▶ YOUR OBJECTIVE: The records beneath should be printed exactly, and the pictures are to be left out.

[Stored dataset items]
'''

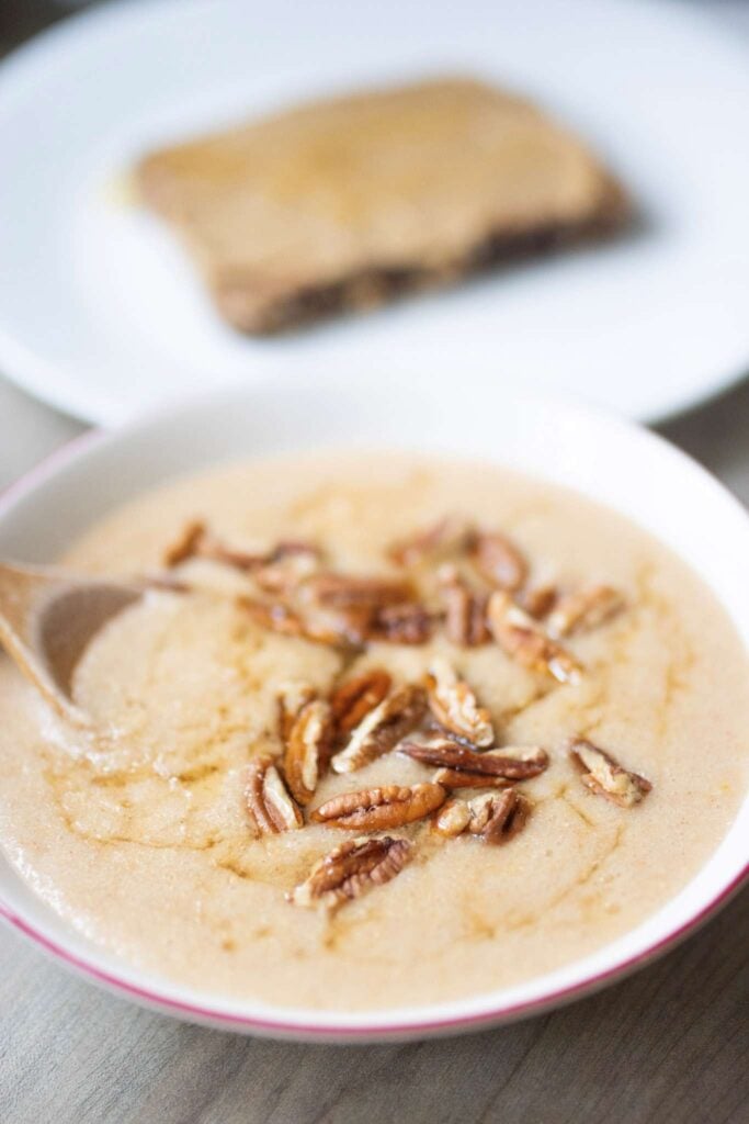 Top your bowl of cream of wheat with a drizzle of honey, a pat of butter, and 1/4 cup of pecans for a “butter pecan” version.
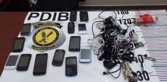 No domingo, por volta das 19h30min, durante ronda nas imediações da portaria, no pátio interno, foram localizadas duas caixas de leite contendo oito celulares, sete carregadores, nove chips e sete fones de ouvido.
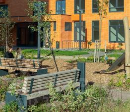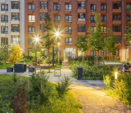 Внутренние пространства выполнены из экологичных материалов, высажены крупные деревья, использован разноландшафтный дизайн, а во дворе расположен большой природный объект — массивное дерево, ставшее местом притяжения жителей.
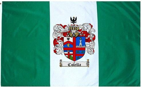 Colella Family Crest Flag / Coat of Arms Flag. You will receive a high quality 3' x 5' Polyester flag with two brass grommets. Proudly display your family heritage with this flag, or hang as a banner on a wall. Our flags make great gifts for birthdays, weddings, anniversaries, fathers day, mothers day, groomsmen gifts, and any other occasion
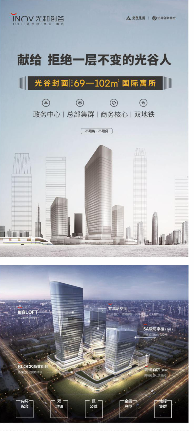 秉承“信守于胸、惠至于人”的企业理念,基于对城市未来发展方向的判断,结合对光谷建设的理性思考,华翔集团于光谷中心城内环主轴核心区域打造光谷垂直化商住综合体范本——INOV光和创谷。
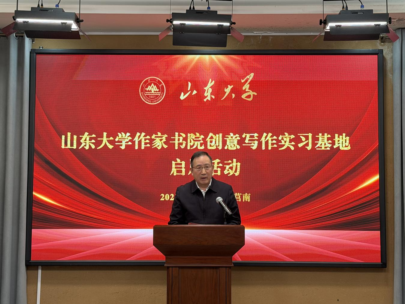 随后,临沂市委宣传部分管日常工作的副部长、市文明办主任周晓东在致辞中指出,临沂作为历史悠久、文化灿烂的全国著名革命老区,高乡书院以文为媒、以书传情,为文化交流搭建了良好平台。山东大学在此设立作家书院创意写作实习基地,精准对接地方文化资源与高校学术资源,必将为文艺创作注入强劲动力。
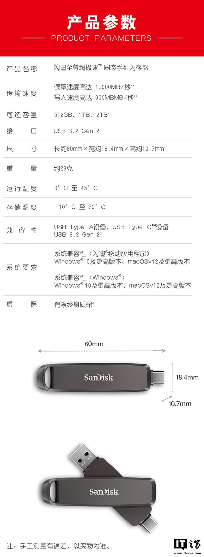 该 U 盘为 USB 3.2 Gen 2 接口,读取速度至高 1000MB/s、写入速度至高 900MB/s,IT之家附产品规格如下:

'''

▶ SOLUTION BELOW:
 Top your bowl of cream of wheat with a drizzle of honey, a pat of butter, and 1/4 cup of pecans for a “butter pecan” version.
 No domingo, por volta das 19h30min, durante ronda nas imediações da portaria, no pátio interno, foram localizadas duas caixas de leite contendo oito celulares, sete carregadores, nove chips e sete fones de ouvido.
 Внутренние пространства выполнены из экологичных материалов, высажены крупные деревья, использован разноландшафтный дизайн, а во дворе расположен большой природный объект — массивное дерево, ставшее местом притяжения жителей.
 Colella Family Crest Flag / Coat of Arms Flag. You will receive a high quality 3' x 5' Polyester flag with two brass grommets. Proudly display your family heritage with this flag, or hang as a banner on a wall. Our flags make great gifts for birthdays, weddings, anniversaries, fathers day, mothers day, groomsmen gifts, and any other occasion
 秉承“信守于胸、惠至于人”的企业理念,基于对城市未来发展方向的判断,结合对光谷建设的理性思考,华翔集团于光谷中心城内环主轴核心区域打造光谷垂直化商住综合体范本——INOV光和创谷。
 随后,临沂市委宣传部分管日常工作的副部长、市文明办主任周晓东在致辞中指出,临沂作为历史悠久、文化灿烂的全国著名革命老区,高乡书院以文为媒、以书传情,为文化交流搭建了良好平台。山东大学在此设立作家书院创意写作实习基地,精准对接地方文化资源与高校学术资源,必将为文艺创作注入强劲动力。
 该 U 盘为 USB 3.2 Gen 2 接口,读取速度至高 1000MB/s、写入速度至高 900MB/s,IT之家附产品规格如下:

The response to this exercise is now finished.